Kerajaan ini dikenal dengan kekuatan armada lautnya yang tak tertandingi, menguasai perdagangan rempah-rempah yang menjadi komoditas utama di jalur perdagangan maritim dunia.Selat Malaka, yang kini menjadi salah satu jalur vital perdagangan internasional yang dikuasai oleh Singapura, pada masa itu berada di bawah kendali Sriwijaya.
Namun, meskipun pernah mencapai puncaknya pada abad ke-10, Sriwijaya seakan terabaikan oleh generasi penerusnya. Candi Muara Takus dan Muara Jambi, yang menjadi saksi bisu kemegahan arsitektur Sriwijaya, terabaikan tanpa perhatian yang seharusnya. Padahal, candi-candi tersebut memiliki potensi besar sebagai destinasi ziarah spiritual yang tak tertandingi oleh negara manapun di dunia ini. Namun, sayangnya tidak ada perhatian serius dari pemerintah pusat maupun daerah untuk menjadikannya sebagai kekayaan budaya yang bernilai tinggi.
Dalam hal keagamaan, Sriwijaya juga berperan penting. Bhiku I-Tsing dari Cina yang bolak-balik datang ke Sriwijaya untuk mempelajari agama Buddha, meskipun saat itu Nalanda di India adalah pusat pendidikan agama Buddha yang terkenal. Keberadaan Sriwijaya sebagai pusat pembelajaran ilmu pengetahuan dan agama, terutama dalam bahasa Sanskerta dan kitab-kitab Buddha, membuktikan betapa besar kontribusinya terhadap perkembangan kebudayaan dunia pada masa itu.
Yang lebih menarik adalah catatan sejarah dari berbagai sumber asing yang mencatatkan kejayaan Sriwijaya. Ibnu Hordadzbeh, Sulayman, Ibn al-Fakih, hingga Abu Zayd menegaskan bahwa Sriwijaya berada di puncak kejayaannya pada abad ke-9 dan ke-10.
Bahkan, pada tahun 718 M, Raja Sriwijaya mengirimkan surat kepada Khalifah Daulah Umayyah di Damaskus, Suriah, menunjukkan tingkat komunikasi internasional yang tinggi, jauh melampaui kebanyakan kerajaan di dunia pada masa itu. Surat ini bahkan dikutip dalam karya-karya sastrawan terkenal, seperti Ibnu Abdu Rabbih dan Ibnu Tagribirdi, yang membuktikan pentingnya Sriwijaya dalam sejarah diplomasi dunia.

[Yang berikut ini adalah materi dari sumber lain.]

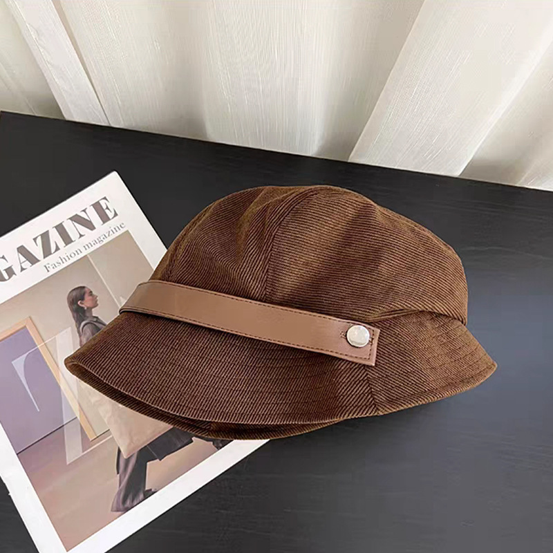 秋冬新款高品质灯芯绒渔夫帽英伦风休闲百搭时尚文艺百搭报童帽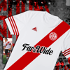 Introducing the all new 19/20 Club Atlético SHRM Millonarios jersey. Based loosely on the shirt worn by River Plate from 1996-98. It features our brand motto "Far & Wide", which sits upon the world-famous red sash and is executed in a typeface not too dissimilar to Argentina's most popular beer Quilmes - who famously sponsored both Buenos Aires clubs in the 1990's.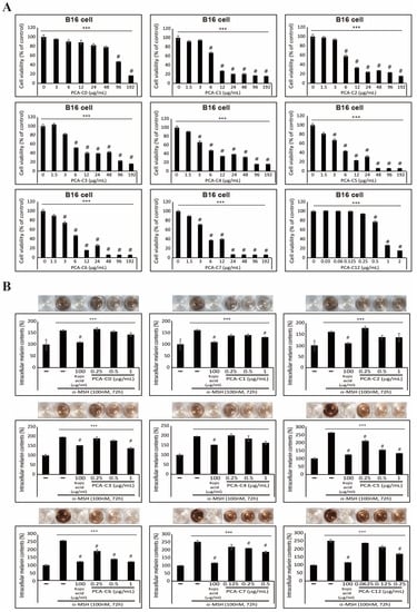 PCA derivatives inhibit α-MSH-induced melanin synthesis in B16 melanoma cells. (A) Cell viability results showed the inhibition of B16 cell proliferation after treatment with an increased PCA-C(X) concentration for 24 h. The data represent three independent tests. # p < 0.001 versus control. *** p < 0.001 (ANOVA test). (B) Intracellular melanin contents were determined using cultured media containing secreted melanin after α-MSH or/and PCA-C(X) treatment for 72 h. The results of extracellular melanin content can be found in Table S1. The pictures show the color of the culture medium, and the melanin content was reduced by PCA-C(X). The data are representative of three independent experiments. # p < 0.001 versus control. *** p < 0.001 (ANOVA test).

Namun, meskipun kejayaan Sriwijaya telah diakui oleh banyak sejarawan asing, sayangnya banyak sejarawan Indonesia yang enggan menggali lebih dalam mengenai kerajaan ini. Tidak hanya itu, perhatian terhadap warisan sejarah ini juga minim dari pemerintah, baik pusat maupun daerah. Padahal, dengan menggali lebih dalam tentang kejayaan Sriwijaya, kita tidak hanya mengungkap sejarah bangsa yang gemilang, tetapi juga dapat membangkitkan semangat nasionalisme dan kebanggaan sebagai bangsa yang pernah menerangi dunia.
Sriwijaya adalah contoh betapa besar peran Indonesia dalam sejarah dunia. Dari pusat perdagangan hingga pusat ilmu pengetahuan dan agama, Sriwijaya telah memberi kontribusi besar terhadap peradaban manusia. Jika kita mau membuka mata dan mempelajari lebih lanjut tentang kerajaan ini, kita akan menemukan banyak pelajaran berharga tentang kebijakan diplomasi, kekuatan maritim, dan pentingnya membangun jembatan ilmu pengetahuan lintas negara. Namun, untuk itu, kita membutuhkan perhatian yang lebih besar dari pemerintah dan masyarakat untuk menghargai dan melestarikan warisan ini. (JC/MERPOS).